**DIRECTIONS FOR THIS TASK:**
Repeat, word for word, every line from the line holding "Der Aufbau des" through the final line of the entries below. Skip all pictures.

───── DATA TO USE

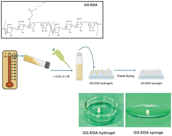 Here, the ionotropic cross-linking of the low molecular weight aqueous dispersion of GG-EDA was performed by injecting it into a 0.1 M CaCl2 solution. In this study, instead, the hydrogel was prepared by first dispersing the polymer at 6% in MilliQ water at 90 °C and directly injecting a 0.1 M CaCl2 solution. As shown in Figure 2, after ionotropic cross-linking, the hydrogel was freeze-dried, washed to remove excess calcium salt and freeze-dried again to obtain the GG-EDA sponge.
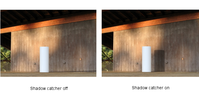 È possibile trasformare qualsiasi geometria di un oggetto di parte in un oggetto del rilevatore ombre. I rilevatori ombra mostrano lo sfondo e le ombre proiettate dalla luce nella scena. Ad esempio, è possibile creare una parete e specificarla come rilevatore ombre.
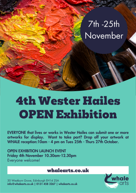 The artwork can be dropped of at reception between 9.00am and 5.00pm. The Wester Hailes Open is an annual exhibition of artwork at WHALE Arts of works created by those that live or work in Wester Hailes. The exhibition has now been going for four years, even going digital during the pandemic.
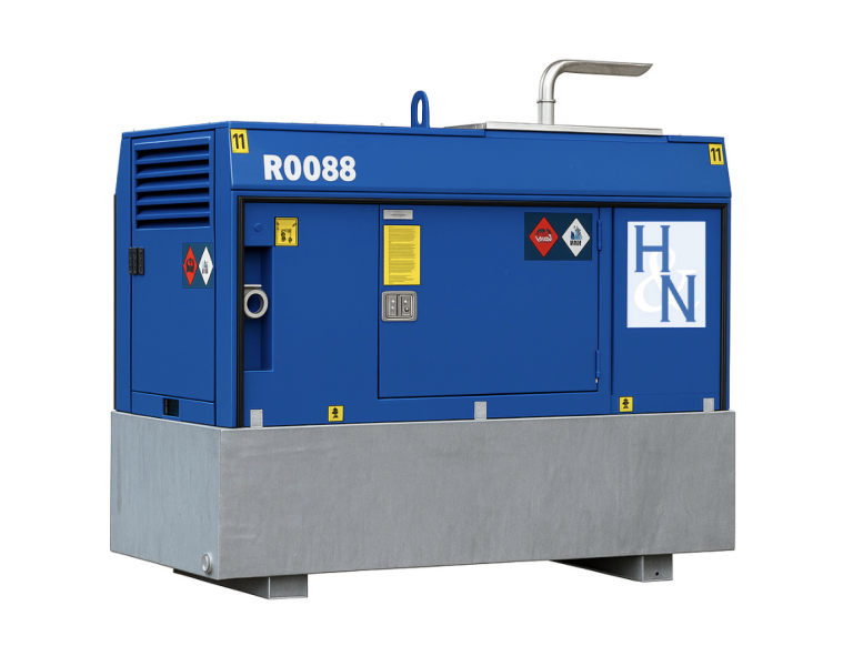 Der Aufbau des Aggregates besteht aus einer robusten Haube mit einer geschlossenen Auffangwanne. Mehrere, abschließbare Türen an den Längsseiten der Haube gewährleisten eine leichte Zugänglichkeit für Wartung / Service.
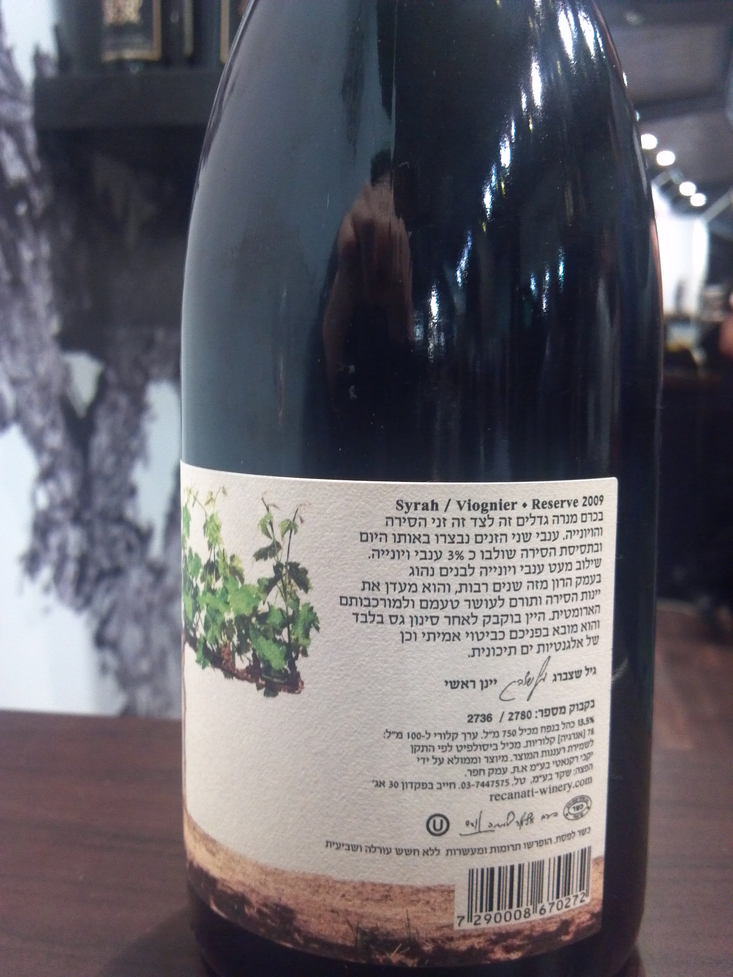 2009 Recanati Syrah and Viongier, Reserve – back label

──────────

**FINISHED TASK:**
 Der Aufbau des Aggregates besteht aus einer robusten Haube mit einer geschlossenen Auffangwanne. Mehrere, abschließbare Türen an den Längsseiten der Haube gewährleisten eine leichte Zugänglichkeit für Wartung / Service.
 2009 Recanati Syrah and Viongier, Reserve – back label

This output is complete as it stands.